1. Why do experts recommend that you discharge NiCd batteries when you don`t use them for a long time,(eaven if you use it often)?

They don´t explain if you have to discharge them to zero or just to 0,9V.

2. Does charging a NiMh battery to 50% slows the self discharge rate compared to a full charge? If so.By how much?

3.When you buy a NiMh battery.They are supposed to come with an empty charge.Does the lifetime of the battery start counting from the *first time *you charge them?How many years can they be stored new without significant impact on its performance?

4.Is it better to charge a new pack only when needed?It`s the shelf life of a new empty battery the same as one that was charged and discharged just one time and put to rest?
Will I have to charge that battery like once per year so that it does´t get ruined or something?

5.There is a date code in my eneloop batteries.It says "06-08TB".Is the first number the year or the month it was made?

Is it me or a lot of eneloop batteries start with 06?:thinking:

Thanks all.


----------



## Mr Happy (Dec 9, 2008)

lovefenix said:


> Hi.
> 
> I have some questions about storing batteries.The information on the net isn`t clear.Everybody says something different and it gets confusing.


I'll see if I can help.



> 1. Why do experts recommend that you discharge NiCd batteries when you don`t use them for a long time,(eaven if you use it often)?
> 
> They don´t explain if you have to discharge them to zero or just to 0,9V.


NiCd batteries perform best if they are fully discharged before being recharged. This is due to the so-called "memory effect". What it means in practice is that cells that are frequently topped up without being discharged will tend to develop a lower capacity to hold charge. If cells get into this state, they can usually be returned to normal operation by putting them through one or more full discharge/recharge cycles. This is what the "refresh mode" on some chargers is for.

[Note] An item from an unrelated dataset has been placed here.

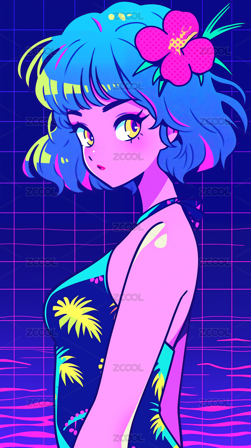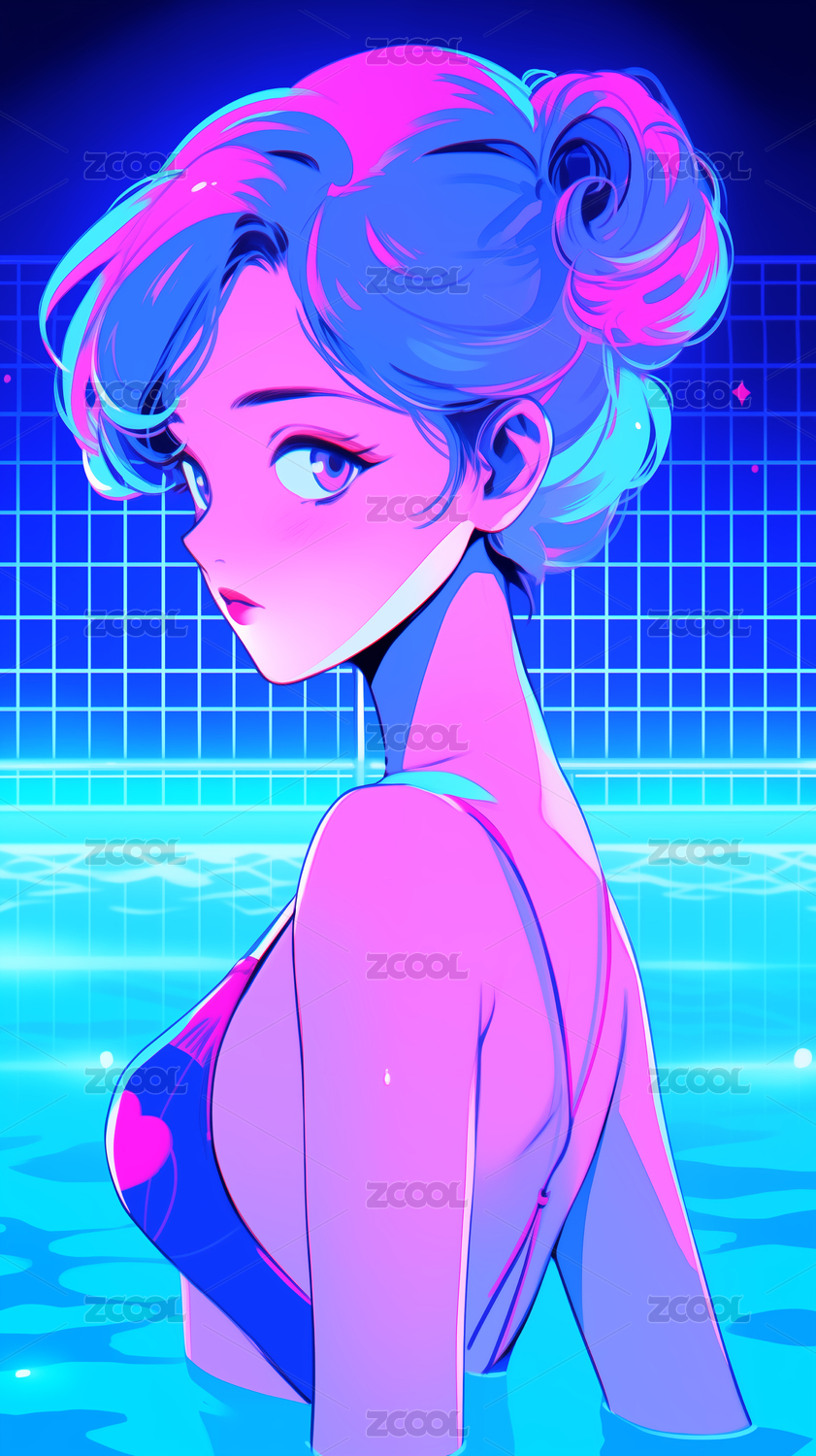 卡通,插画,漂亮,可爱,夏日,泳衣,女孩,女人,美丽,游泳

NiCd batteries are different in some ways from NiMH batteries. For example, you can discharge a NiCd cell right down to 0 V and store it that way indefinitely. However, NiMH cells must not be discharged below 1.2 V resting voltage. If you discharge them down to 0 V for a long period, they will be damaged.



> 2. Does charging a NiMh battery to 50% slows the self discharge rate compared to a full charge? If so.By how much?


The self discharge is fastest at a full charge, and is slower at a 50% charge. However, you may as well charge them to 100% and then use them as soon as convenient. There is no point only charging to 50%



> 3.When you buy a NiMh battery.They are supposed to come with an empty charge.Does the lifetime of the battery start counting from the *first time *you charge them?How many years can they be stored new without significant impact on its performance?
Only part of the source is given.